Even under a stringent standard of materiality, the victim‘s inconsistent description of the robbers contained in the police report is so pertinent to his credibility at trial that its nondisclosure requires a reversal of the petitioner‘s conviction. The only positive identification of Garrison was made by Pfister, the victim of the armed robbery. Pfister‘s description of his assailant made the day following the crime and contained in the police report is of a man some 8” taller than Garrison. Without the benefit of this prior inconsistent description, the defense was unable to successfully impeach Pfister‘s testimony, which was crucial to the State‘s case.
. . . It is enough to say that the two descriptions, inconsistent on their face, would provide the defense counsel with ample grounds to attempt to impeach Pfister‘s testimony. Such impeachment, if successful, would have been fatal to the State‘s case. (Emphasis added.)
These findings are more than amply supported by the record and should not be disturbed.5
The Court today formulates a severe materiality standard to govern the prosecution‘s duty to reveal impeaching evidence, and denies the petitioner here relief, because it fears that “forcing disclosure of impeachment matter may actually inhibit a full presentation to the trier of fact“. 540 F.2d at 1274. Even if this were true, the concern is misplaced in a case, such as this one, where the impeaching evidence comes into the prosecution‘s hands in the normal course of its investigation, and goes solely to the witness‘s recollection and perception of events rather than to his honesty and veracity. To the extent that the Court‘s fear is well founded, the materiality standard announced by the Supreme Court in Agurs is strict enough to combat the problem. No need exists to impose on prosecutors, the district courts, and ourselves the burden of drawing the often ethereal distinction between exculpatory and impeaching evidence. Under the Agurs materiality standard, Garrison is clearly entitled to the relief granted by the district court. I would therefore affirm.
JOHN MINOR WISDOM
UNITED STATES CIRCUIT JUDGE
Notes
Q. Now, do you recall the description of the individual who put the gun on you, the one that held it in front of you, that stood in front of you? What was his physical description in general? Did you talk to the Police?

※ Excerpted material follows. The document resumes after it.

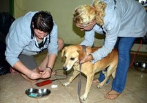 Neben den Straßenhunden spielen auch die Privathunde eine große Rolle in der Vermehrung der Population, da die meisten Privathunde frei auf der Straße herumlaufen. Leider sind viele der Menschen immer noch der Meinung, dass es den Hündinnen gut tut, mindestens einmal Welpen zu bekommen, was aus medizinischer Sicht übrigens totaler Blödsinn ist. Wenn die Welpen jedoch größer werden und nicht mehr so süß sind, werden sie einfach auf die Straße gesetzt. Bei vielen Hundebesitzern mussten wir all unsere Überredungskunst (und Bestechung z.B. mit Halsbändern) anwenden, um sie zu überzeugen, ihre Hunde kastrieren zu lassen, aber der Großteil der Bevölkerung hat die Aktion sehr gut angenommen. Vor unserer Tür hatte das Militär ein großes Zelt aufgebaut, in dem die Hunde und ihre Besitzer warten konnten, bis sie an der Reihe waren. Diese Hilfe zeigt uns, dass wir auf Sal von Seiten der Bürokratie willkommen sind! Hier fanden auch die Behandlungen der Tiere gegen Würmer, Zecken und Flöhe statt. Jedem, der sein Tier bei einer der vorangegangenen Aktionen hat kastrieren lassen, steht dieser "Service" kostenlos zur Verfügung, was tatsächlich auch genutzt wurde. Und wie!!!

A. I talked to the Police, yes.
Q. What description did you give?
A. On the way to the hospital they were asking me as I was riding. They were asking me then, you know.
Q. What description did you give the Police?
A. I told the Police that he was—
Q. Which is he, which one?
A. Right here. I told them about the other fellow being about 5’ 10” or 5’ 11“, and that the other fellow was shorter, that I imagined that he was about 5’ 4” or 5’ 5“, or something like that. (Emphasis added.) Record on Appeal, Vol. I, pp. 201-202. Because of the unclarity of Mr. Pfister‘s testimony, it is impossible to say that he was contradicting his earlier statements to the police. Consequently, it cannot fairly be said that the prosecution knew, or should have known, about any inaccuracies in Mr. Pfister‘s trial testimony.
Q. Does that inconsistency [in Pfister‘s descriptions of his assailant] support your case?
A. Would it have supported it; no. It would have been contradictory, the inconsistency about what the victim allegedly stated to officer Schneider. It was—Ran [sic] completely counter to what was testified to at the trial, and what Mr. Pfister indicated the facts were when I saw him. . . .
Q. Mr. Marcal, as a prosecutor do you consider the inconsistency there to be material?
A. Well, if it would have been directly brought to my attention, I think it would have been material; it would have been very material had it been brought to my attention.